Good business practice defines management as the art of ‘getting things done through other people’. This is absolutely true in well-run, complex organisations. But it is equally true in the most simple of business relationships – that of a franchisor and its franchisees.

The essence of franchise management is that the franchisor (or parent organisation) refines and packages its proven operating systems, together with its brand profile, into a business system. This they make available to other people (who buy their franchise) who then simply follow the procedures and systems to maximise their chances of success.




It works in theory, and it works in practice. But not everyone ‘gets’ it. Some franchisors think that they are in a relationship with their franchisees whereby they can dictate and manipulate the lives and the well-being of their contracted business partners (their franchisees) to their own self-centred ends.  The result is almost always a disaster – and usually ends in penalties from the regulator, possible litigation, followed by brand damage and franchisee dissatisfaction.

A smart, intelligent franchisor, on the other hand, recognises the synergistic power of the win-win in good franchise management and sets out to fully support their franchisees.

It’s an attitude thing! A desire on the part of a franchisor to genuinely help others build something for themselves. Smart franchisors understand that there is no greater motivation in a franchisee than seeing real, tangible rewards by working hard to build a business and a life, that they can control and be proud of.

Disempowering a franchisee by a franchisor will create a compounding negative synergy. However, a practical helping hand, together with a sincere desire to work collaboratively with a franchisee, will generate the multiplier effect that franchising is renowned for.

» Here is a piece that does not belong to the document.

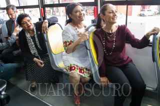 CIUDAD DE MÉXICO, 06AGOSTO2019.- Claudia Sheinbaum Pardo, mandataria de la Ciudad, en la alcaldía de Iztapalapa, encabezó la presentación del proyecto "Monitoreo Integral de Seguridad del Transporte Público vía GPS". Ernestina Godoy, Andrés Lajous, Clara Brugada y Jesús Orta, la acompañaron en este evento. FOTO: VICTORIA VALTIERRA / CUARTOSCURO.COM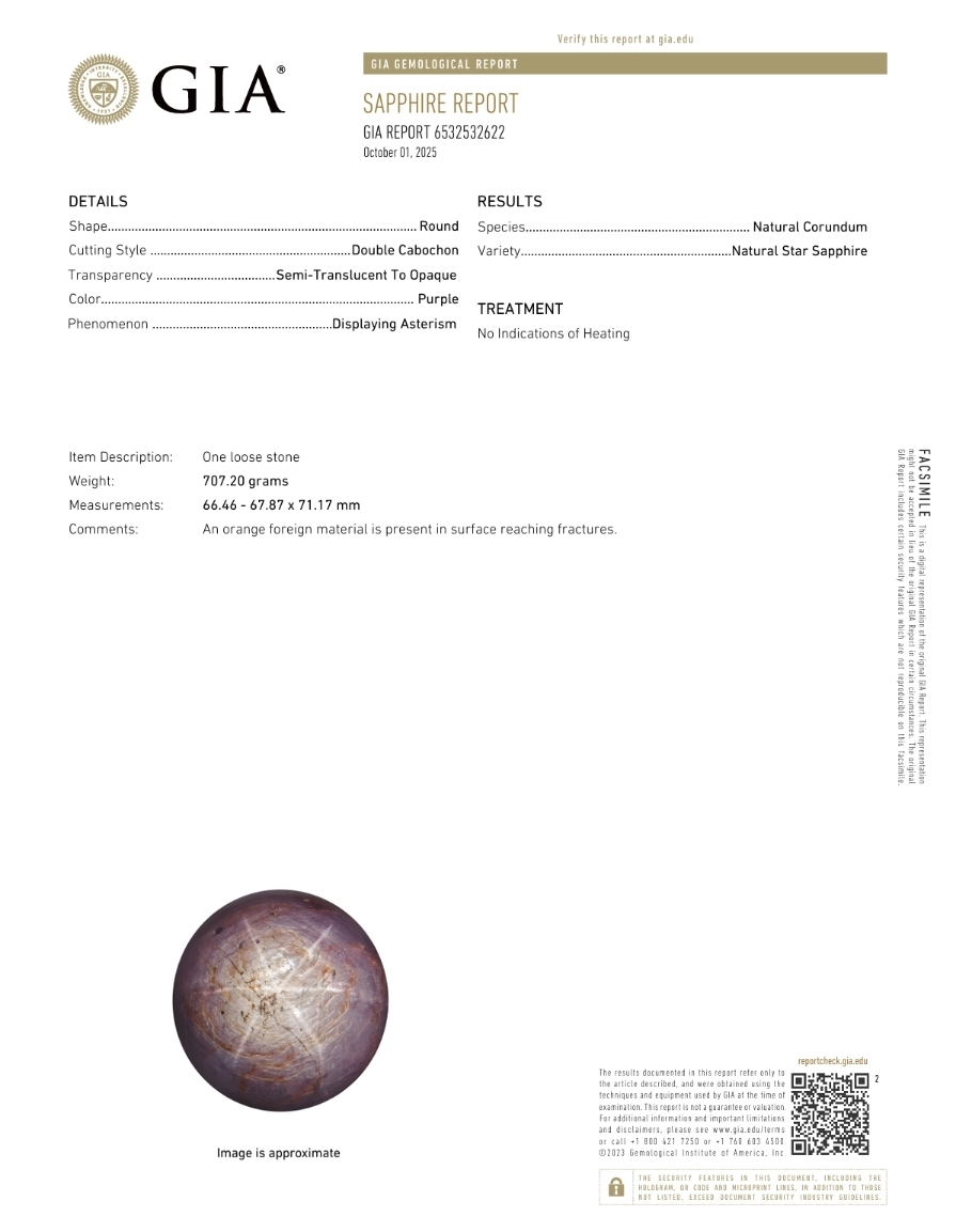 这颗蓝宝石是在宝石王国斯里兰卡(锡兰)被发现的,由美国宝石学院(GIA)认证,并由权威的兰卡宝石实验室独立鉴定,确认其天然产地身份。它是目前有记录以来全球最大的圆形切割天然紫色星光蓝宝石,其重量和特性创下了世界纪录。

Think about it the next time you hear or read negative media stories about how badly some franchisors have treated their franchisees. They do themselves no favours.  Poor franchisors are the opposite of good managers and, at the end of the day, they are only harming their business, themselves and their franchisees.




Franchising has a 50-plus year history of building personal and business prosperity by recognising the duality of company systems being utilised by local-area owner-operators. This model is continuing to grow and evolve.  It still can, and will, create prosperity for those who understand its power. Implementing it properly benefits all stakeholders – franchisor, franchisees, employees, customers and the whole broader society.